For more than five years prior to that, Mr. Bakonyi was a Vice President of
Reading & Bates Drilling Co. Mr. Bakonyi is a citizen of Australia.

     Tim W. Nagle has been Executive Vice President of the Company since January
1998, and on May 19, 1999 he was also made Chief Financial Officer. Mr. Nagle
served as Chief Financial Officer of Reading & Bates for more than five years
prior to 1998. Mr. Nagle is a citizen of the United States.

     Wayne K. Hillin has been Senior Vice President of the Company since January
1998 and on May 19, 1999 was also made General Counsel. Mr. Hillin was Senior
Vice President and General Counsel of Reading & Bates for more than five years
prior to 1998. Mr. Hillin is a citizen of the United States.

     Charles R. Ofner has been Vice President of the Company since January 1998.
Mr. Ofner was Vice President -- Business Development of Reading & Bates for more
than five years prior to that. Mr. Ofner is a citizen of the United States.

     Bernie W. Stewart has been Senior Vice President, Operations of the Company
since May 19, 1999. He previously served as Chief Operating Officer of Falcon
since April 1, 1996 and President of Falcon since January 1998. From 1993 until
joining Falcon, Mr. Stewart was Chief Operating Officer for Hornbeck Offshore
Services, Inc., an offshore supply boat operator, where he was responsible for
overall supervision of that company's operations. From 1986 until 1993, he was
President of Western Oceanics, Inc., an offshore drilling contractor. Mr.
Stewart is a citizen of the United States.

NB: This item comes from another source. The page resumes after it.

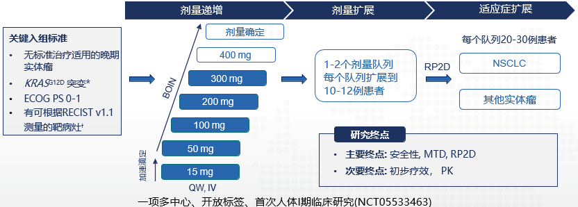 既往标准治疗失败且组织学证实的晚期KRASG12D突变实体瘤患者接受HRS-4642静脉注射,剂量分别为15、50、100、200和300 mg QW,21天为1周期。剂量递增部分允许KRAS突变患者。采用贝叶斯最优区间设计的加速滴定法指导剂量递增并确定最大耐受剂量(MTD)。主要终点是安全性、MTD和推荐的2期剂量(RP2D)。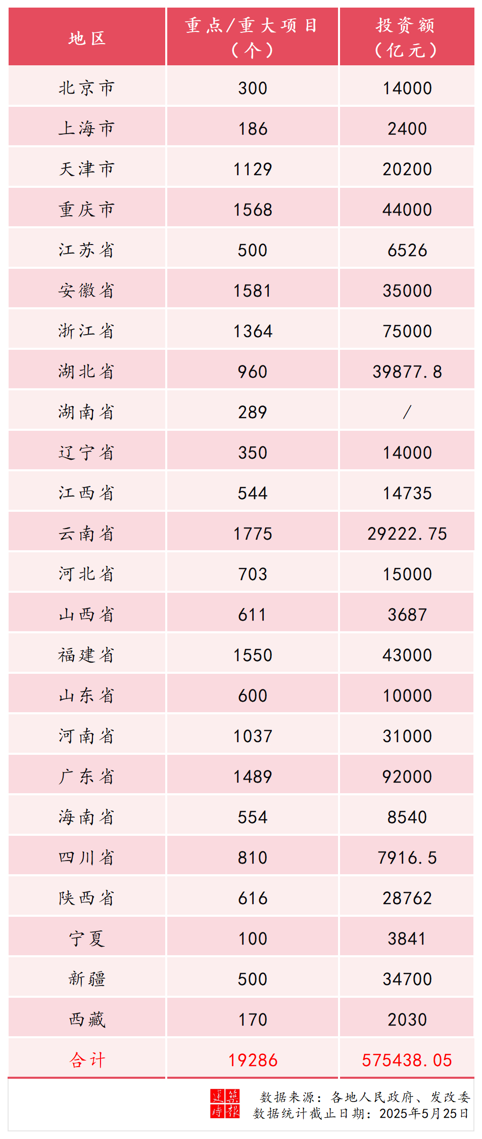 重大项目是经济发展的重要支点,也是高质量发展的关键抓手。经建筑时报统计,截至目前,全国已有24个地区发布2025年重点工程项目相关投资计划,重点项目合计超1.9万个,总投资额合计达57.5万亿元。

     Imran Toufeeq has been Senior Vice President, Operations of the Company
since May 19, 1999. He previously served as Senior Vice President of Reading &
Bates since January 1998 and was Vice President of R&B Falcon Drilling Co. for
more than five years prior to 1998. Mr. Toufeeq is a citizen of the United
States.

     Charles A. Donabedian has been a director of the Company since December
1997 and was a director of Reading & Bates from 1989 until the merger between
Reading & Bates and Falcon Drilling. Since May 1992, Mr. Donabedian has been
Chairman and Chief Executive Officer of both Winston Financial Incorporated
which provides product development, marketing and sales consulting and services
to the financial services industry and Winston Advisors, Inc. (of which Mr.
Donabedian is also a director) which provides financial advice for individuals
and small companies. Mr. Donabedian's business address is 200 Technecenter
Drive, Suite 200, Milford, Ohio 45150. Mr. Donabedian is a citizen of the United
States.

     Steven A. Webster has been a director of the Company since July 1997. He
previously served as President and Chief Executive Officer from January 6, 1998
until May 31, 1999. Mr. Webster has served as Chief Executive Officer and
Chairman of the Board of Falcon since its formation in 1991. Mr. Webster is
currently a Managing Director of DLJ Merchant Banking Partners, and serves as a
director of Grey Wolf, Inc.; Carrizo Oil & Gas, Inc.; Ponder Industries, Inc.;
Geokinetics, Inc.; and Crown Resources Corporation. Mr. Webster also serves as a
trust manager of Camden Property Trust. Mr. Webster's business address is 14701
St. Mary's Lane, Suite 800, Houston, Texas 77079. Mr. Webster is a citizen of
the United States.

     Douglas A.P. Hamilton has been a director of the Company since December
1997. Mr. Hamilton was a director of Falcon from 1992 until the merger between
Reading & Bates and Falcon Drilling. For more than the past five years, he has
been a private investor. Mr. Hamilton was one of Falcon's original investors.
Mr. Hamilton is a director of Carrizo Oil & Gas, Inc. Mr. Hamilton's business
address is 485 Madison Avenue, 23rd Floor, New York, New York 10022. Mr.
Hamilton is a citizen of the United States.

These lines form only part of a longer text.